Les parties ont été avisées que le prononcé public de la décision aura lieu par mise à disposition au greffe le 10 décembre 2025
ARRET
— Contradictoire
— Prononcé publiquement par mise à disposition au greffe
— Signé par Monsieur BRUNET, Président de chambre et par Madame CARDONA, greffière à laquelle la minute de la décision a été remise par le magistrat signataire.
EXPOSE DU LITIGE :
Madame [B] [G] (ci-après Madame [R]) a été embauchée par l’association "[4]« en qualité d' »Assistante Administrative" suivant contrat de travail à durée déterminée et à temps partiel signé à [Localité 9] le 3 mars 2023, pour une durée ayant commencé à courir à compter du 6 mars 2023 pour se terminer le 30 juin 2023, avec possibilité de renouvellement dans les conditions légales en cas de besoin.

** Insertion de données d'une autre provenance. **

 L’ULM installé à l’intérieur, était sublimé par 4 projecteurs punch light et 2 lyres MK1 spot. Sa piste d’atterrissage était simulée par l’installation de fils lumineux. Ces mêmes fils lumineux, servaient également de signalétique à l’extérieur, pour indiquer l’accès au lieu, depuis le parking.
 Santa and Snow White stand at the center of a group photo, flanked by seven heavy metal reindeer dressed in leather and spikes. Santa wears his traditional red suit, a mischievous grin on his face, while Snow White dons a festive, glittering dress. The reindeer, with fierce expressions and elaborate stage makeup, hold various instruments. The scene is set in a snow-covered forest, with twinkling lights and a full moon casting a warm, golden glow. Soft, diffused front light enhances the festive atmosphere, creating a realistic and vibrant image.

Par voie de requête en date du 27 février 2024 Madame [R] a saisi le Conseil de Prud’hommes d’AJACCIO, entendant obtenir des dommages-intérêts destinés à compenser le préjudice subi du fait de la conclusion de ce contrat de travail dont elle conteste l’illégalité.

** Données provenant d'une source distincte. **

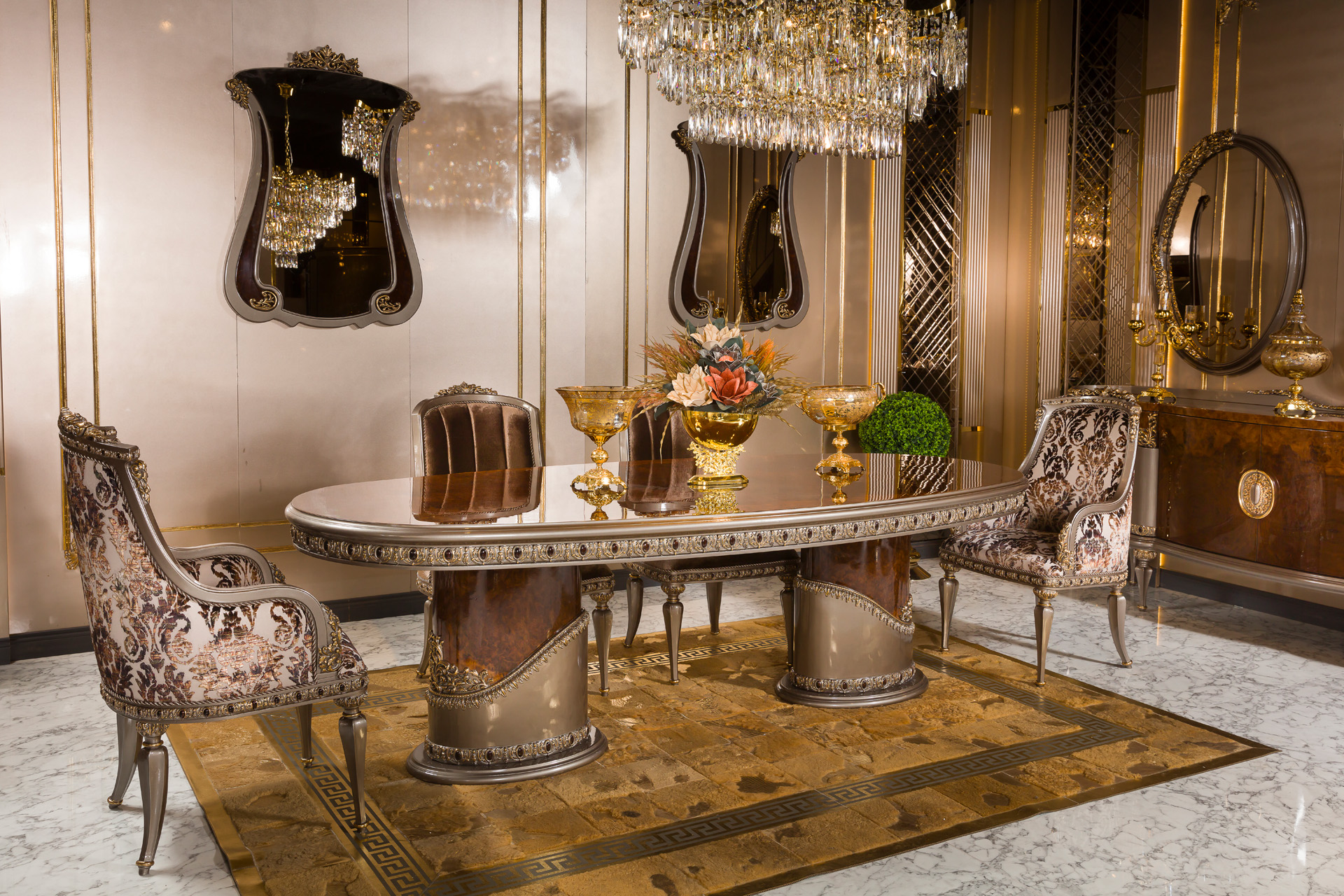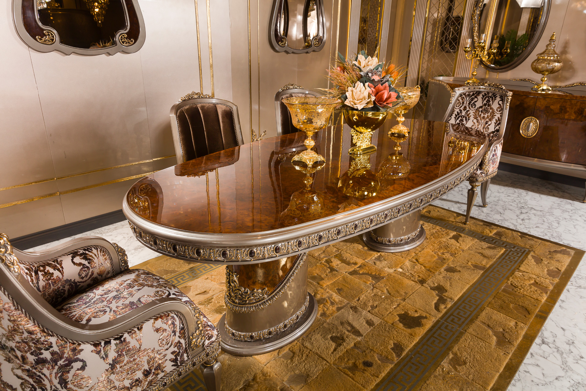 Through custom production, this table showcases the expertise of a Turkish custom furniture producer, featuring luxurious wood finishes, ornate carvings, and a sturdy yet refined structure. Whether used for formal dining or as a statement piece in your home, the Rolex Classic Table blends tradition with sophistication, making it a perfect centerpiece for classic interiors.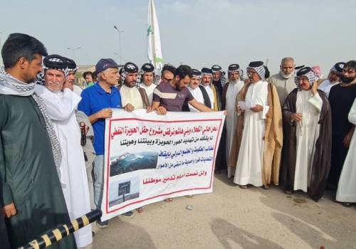 نظم العشرات من سكان هور الحويزة في محافظة ميسان، وقفة احتجاجية معبرين عن رفضهم الشديد لمحاولات تجفيف أجزاء من الهور وتحويلها إلى مواقع نفطية، ومحذرين من تداعيات خطيرة على حياتهم وبيئتهم ومصدر رزقهم التقليدي.

Par Jugement du 27 septembre 2024, le Conseil de Prud’hommes d’AJACCIO a :
— débouté Madame [R] :
— de sa demande concemant l’illégalité du contrat de travail,
— de sa demande concernant la requalification de son contrat de travail à durée déterminée en un contrat de travail à durée indéterminée ainsi que de ses demandes afférentes,
— et de sa demande concernant son rappel de salaire du mois d’avril et sa demande afférente,
— débouté les parties de leurs demandes sur le fondement de Particle 700 du code de procédure civile,
— ordonné le partage des dépens.
Madame [R] a interjeté appel de cette décision le 20 novembre 2024 en fournissant au greffe 28 pièces à l’appui de sa voie de recours.

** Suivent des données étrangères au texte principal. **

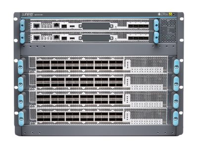 The MX10004 router is the most compact, high-density, and power-efficient modular router in the MX10000 line of modular packet-routing transport routers. At only 7 U in height, the MX10004 is designed for todayās space-constrained facilities. Like the larger MX10000 routers, the MX10004 supports Juniper Networksā 400-Gigabit Ethernet (GbE) architecture with inline Media Access Control Security (MACsec) on all ports for point-to-point security on Ethernet links.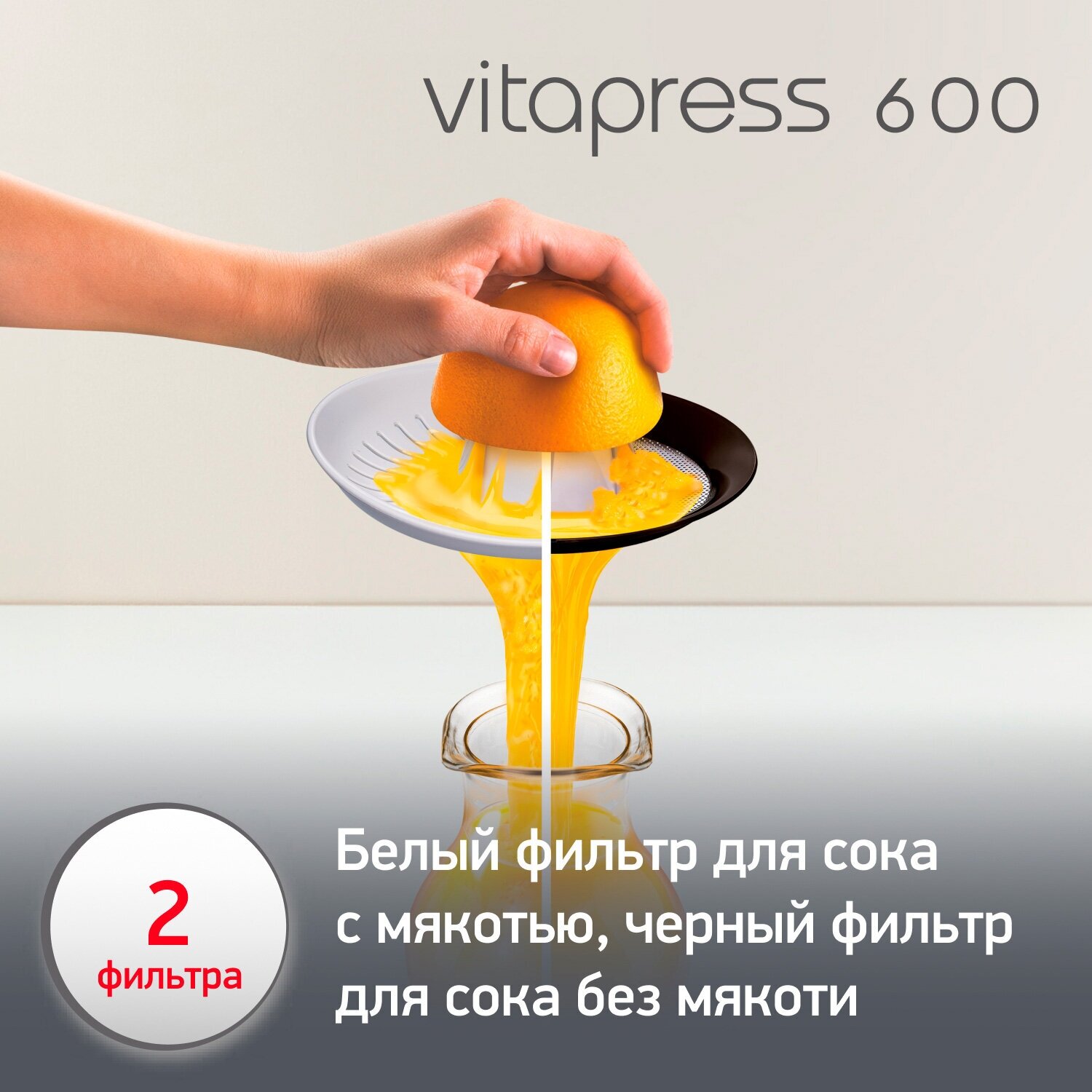 Побалуйте себя свежим соком цитрусовых вместе с электрической соковыжималкой Vitapress 600. С помощью металлического фильтра с мелкими отверстиями вы можете регулировать количество мякоти в вашем напитке. Эта соковыжималка для цитрусовых работает быстро и эффективно благодаря двум направлениям вращения конуса и автоматическому включению и выключению.

Aux termes des dernières écritures de son conseil transmises au greffe par voie électronique le 9 janvier 2025, auxquelles il convient de se référer pour un plus ample exposé des faits, prétentions et moyens de la partie, Madame [R] demande à la juridiction d’appel de :
'INFIRMER le Jugement du Conseil de Prud’hommes d’AJACCI0 du 27 septembre 2024,
Et statuant à nouveau :
CONDAMNER l’association "[4]" au paiement à Madame [G] :
— de la somme de 188,87 € brut à titre de dommages et intérêts pour préjudice subi du fait de l’absence de perception de l’indemnité de résidence,
— de la somme de 768,28 € brut (192,07 x 4) à titre de dommages et intérêts pour préjudice subi du fait de l’absence de perception du supplément familial de traitement,
— et de la somme de 300,00 € (75,00 x 4) à titre de dommages et intérêts forfaitaires liés au cumul des missions qui lui ont été attribuées ;
REQUALIFIER le contrat de travail à durée déterminée de Madame [G] en un contrat de travail à durée indéterminée, avec effet rétroactif au 6 mars 2023 ;
CONDAMNER l’association "[4]" au paiement à Madame [G] :
— de la somme de 1.889,96 € brut, correspondant à UN (1) MOIS de salaire, à titre d’indemnité de requalification,
— de la somme de 1.889,96 € brut à titre d’indemnité compensatrice de préavis,
— de la somme de 189,00 € brut à titre d’indemnité compensatrice de congés payés sur préavis,
— de la somme de 1.889,96 € brut, correspondant à UN (1) MOIS de salaire, à titre d’indemnité pour licenciement sans cause réelle et sérieuse ;
ORDONNER la remise par l’association "[4]" à Madame [G] de son bulletin de salaire rectifié du mois d"avril 2023, sous astreinte de 50 € par jour de retard à compter de la décision à intervenir, avec faculté pour le [6] de se réserver le droit de liquider cette astreinte ;
ASSORTIR les condamnations pécuniaires à intervenir à l’encontre de l’association "[4]" d’un intérêt au taux légal :
— à compter de la date de la requête introductive d’instance en ce qui concerne les créances salariales,
— et a compter de la signification de la décision a intervenir en ce qui conceme les créances de nature indemnitaire.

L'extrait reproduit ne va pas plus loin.